Interesting question! Once AIs become critics, humans will begin to create art for AI.

Why critics? Why not consumers or connoisseurs?

Yes: critics, consumers and connoisseurs, all decide what is valuable art, and what isn’t.

What sort of art would humans create for AI?

If AI becomes a consumer (e.g. ranks art), some artists will try to create art that AI might favour. I think it’s inevitable.

What can we learn about human ethical systems through the process of teaching ethics to AI?

It highlights what we kind of know already, that ethics and data (experience) are intertwined and always biased – but that’s all we have. So, it’s an ongoing battle, and one that we must continue to fight and improve over time.

I recently read the short story ‘Scar Tissue’ by Tobias S. Buckell which posits a world where robots will have to be raised like children. As someone who works on AI, what are your thoughts about this?

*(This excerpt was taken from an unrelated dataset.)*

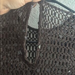 The crochet construction with shimmering sequins adds a modern touch to this sheer midi dress cut in a sheath silhouette.
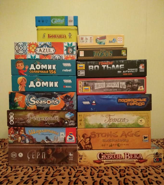 Надо же, почти всё, как у меня. Джайпур держу только потому, что сын просил не продавать, у меня с первой партии вопрос, из-зачего столько шума. 7 чудес, Каменный век мимо. Пэчворк хорош, но быстро изжил себя. Остальные даже не рассматривала, точно не моё. Орлеан простой, как двери, с одной стратегией. В чём люди видят прелесть, для меня загадка.

I haven’t read the story, but yes I agree – it was the premise of my TED talk. In fact, I would say there is no other way. But like children, robots will come with some pre-ordained choices, gifts, abilities, hardware sensors and actuators, preloaded learning software and data, etc. We have to make important design choices. This is the opposite of 20th century AI that was mostly based on logic, rules, and reasoning — that turned out to be a dead end.

Might this also normalise AI, literally making them part of the family?

Yes. I already feel that way towards some of our robots! AIs have strengths and weaknesses. Each one is different.

How will we be able to tell when we have created a truly sentient machine?

It won’t be immediately obvious. There will be many forms, kinds, and levels of sentience. It’s not black and white. A dog is sentient, a bit, in some ways, sometimes.

We can tell a dog is sentient, though, through our shared mammalian communication forms and embodied pursuits, e.g. a dog can tell us how it feels, a dog can empathise with us when we’re happy or in pain, a dog can trick us, etc. Since AI aren’t mammals, how will we tell?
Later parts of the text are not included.